▶ What you are asked to do
I'd like the entire listing output verbatim, apart from the pictures.
• • • • • • •
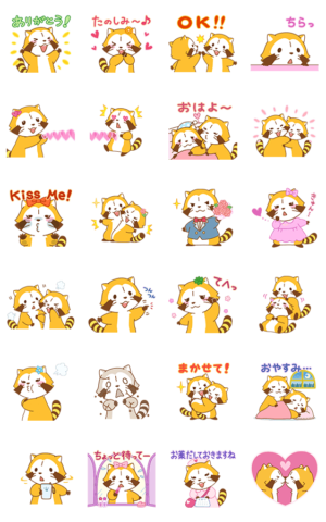 ラスカルと、ガールフレンドのリリィのラブラブなスタンプ。カップルで送りあったり、気になる人に送ってみてね♪もちろん友だち同士のトークにもOK☆
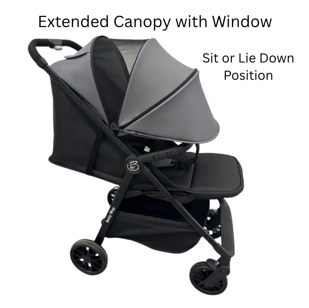 Roam Compact Travel-Friendly Stroller with Extended Canopy – BLACK
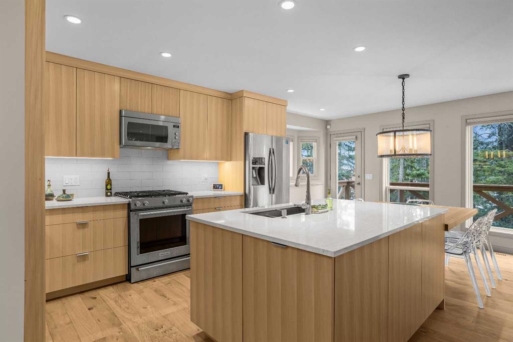 The home backs onto mature trees creating exceptional privacy and quiet, while the massive south-facing deck captures glorious mountain views, the perfect place for morning coffee or evening après.
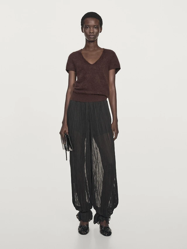 Shimmer Ribbed Flare Sleeve Off The Shoulder Sweater
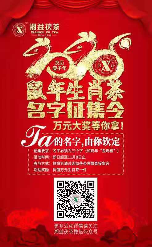 3、本次征集鼠年生肖茶名稱的最終解釋權,歸湘益茯茶所有。
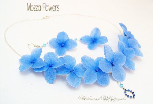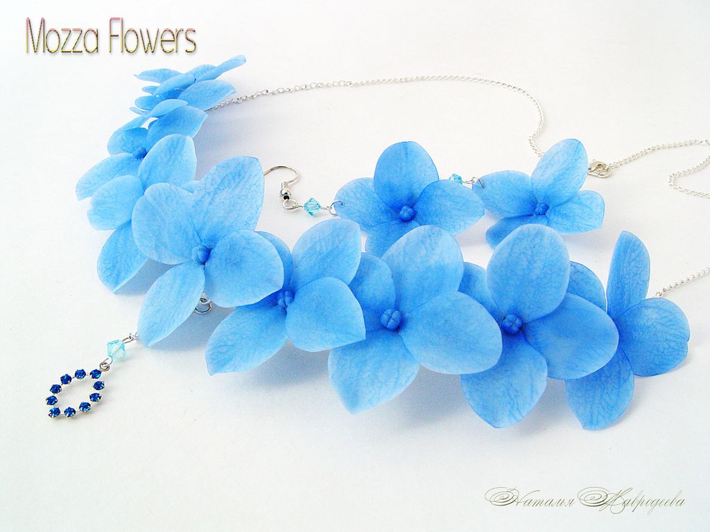 Комплект "Голубая гортензия" слеплен из полимерной глины (холодныйфарфор) и тонирован масляными красками лепесток за лепестком полностью вручную.
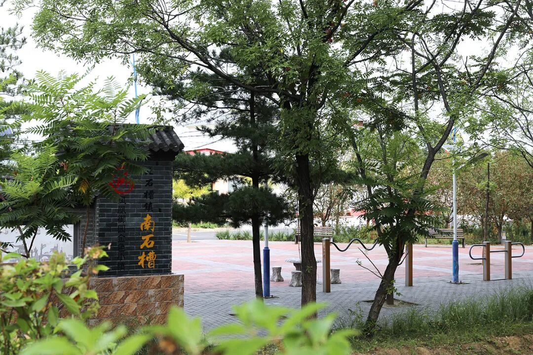 北石槽镇怀昌路路侧的休闲广场和墙体彩绘。
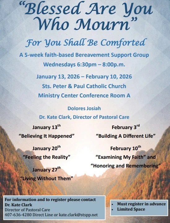The Bereavement Ministry assists individuals or families in planning and coordinating funeral liturgies. Bereavement Ministers support individuals or families during this difficult time. A remembrance prayer service is held each year on All Souls Day for those who have lost a loved one.
• • • • • • •
▶ Task solution
 ラスカルと、ガールフレンドのリリィのラブラブなスタンプ。カップルで送りあったり、気になる人に送ってみてね♪もちろん友だち同士のトークにもOK☆
 Roam Compact Travel-Friendly Stroller with Extended Canopy – BLACK
 The home backs onto mature trees creating exceptional privacy and quiet, while the massive south-facing deck captures glorious mountain views, the perfect place for morning coffee or evening après.
 Shimmer Ribbed Flare Sleeve Off The Shoulder Sweater
 3、本次征集鼠年生肖茶名稱的最終解釋權,歸湘益茯茶所有。
 Комплект "Голубая гортензия" слеплен из полимерной глины (холодныйфарфор) и тонирован масляными красками лепесток за лепестком полностью вручную.
 北石槽镇怀昌路路侧的休闲广场和墙体彩绘。
The Bereavement Ministry assists individuals or families in planning and coordinating funeral liturgies. Bereavement Ministers support individuals or families during this difficult time. A remembrance prayer service is held each year on All Souls Day for those who have lost a loved one.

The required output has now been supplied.